[ACTIVITY]
Any pictures in the records below must be left out when you repeat the lines from the line containing "Centre Social Rural de Froissy-Crévecoeur" through the line containing "riolering en verbetering" exactly.

Collected data entries
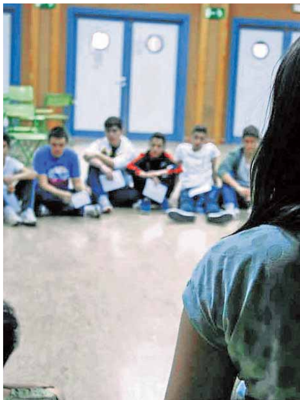
Los adolescentes participan en talleres de expresión, danza o escritura para fomentar
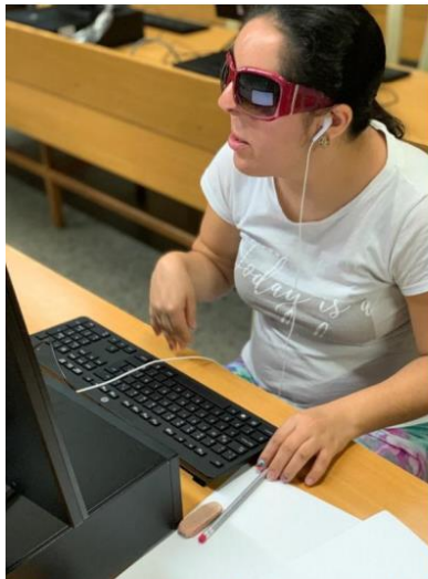
Simulacros examen de admisión, 2019
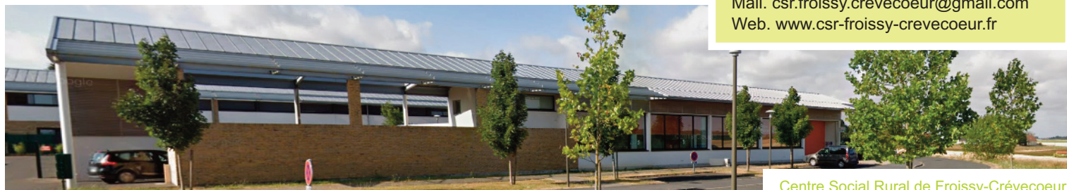
Centre Social Rural de Froissy-Crévecoeur

1 rue des Bouviers 60480 FROISSY Tel. 03 44 80 81 58 Mail. csr.froissy.crevecoeur@gmail.com Web. www.csr-froissy-crevecoeur.fr
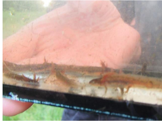
Juvenile kleine watersalamanders
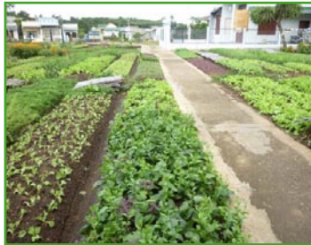
riolering en verbetering van weggetjes in Quy Mong
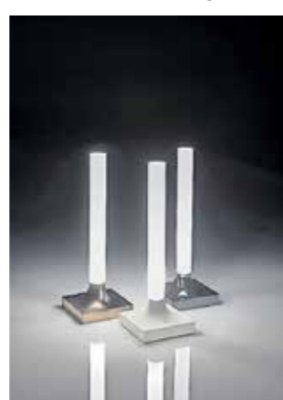
Die neue Interpretation des Kerzenscheins von Design-Star Philippe Starck. Mit der Leuchte „Goodnight“ bringt er stimmungsvolles Licht ins Wohn-Ambiente.

Die Zusammenarbeit mit der italienischen Design-Schmiede „Kartell“ hat für Philippe Starck bereits Tradition. Nach seinen Entwürfen für den ikonischen Stuhl „Louis Ghost“ oder den wetterfesten Sessel „Bubble“ ist jetzt das Licht in seinen Fokus gerutscht. Vor allem der Kerzenschein hat es ihm dabei angetan. „Das Licht der Kerzen war schon immer das schönste und natürlichste Licht“, sagt er und verleiht dem heimeligen Schein nun eine neue Dimension. „Goodnight“ ist eine Lampe, die es sowohl in Wandausführung als auch besonders gelungen in einer mobilen Version gibt. Dabei überzeugt nicht nur das edle Design, sondern auch die lange Leuchtdauer. Einmal aufgeladen erstrahlt „Goodnight“ bis zu 40 Stunden lang und kann in drei Stufen gedimmt werden. Die Basisteile der in sechs Farben erhältlichen Leuchte werden aus recyceltem Material gefertigt und passen sich somit an viele Einrichtungssituationen an.

[EXERCISE RESPONSE]
Centre Social Rural de Froissy-Crévecoeur

1 rue des Bouviers 60480 FROISSY Tel. 03 44 80 81 58 Mail. csr.froissy.crevecoeur@gmail.com Web. www.csr-froissy-crevecoeur.fr
Juvenile kleine watersalamanders
riolering en verbetering van weggetjes in Quy Mong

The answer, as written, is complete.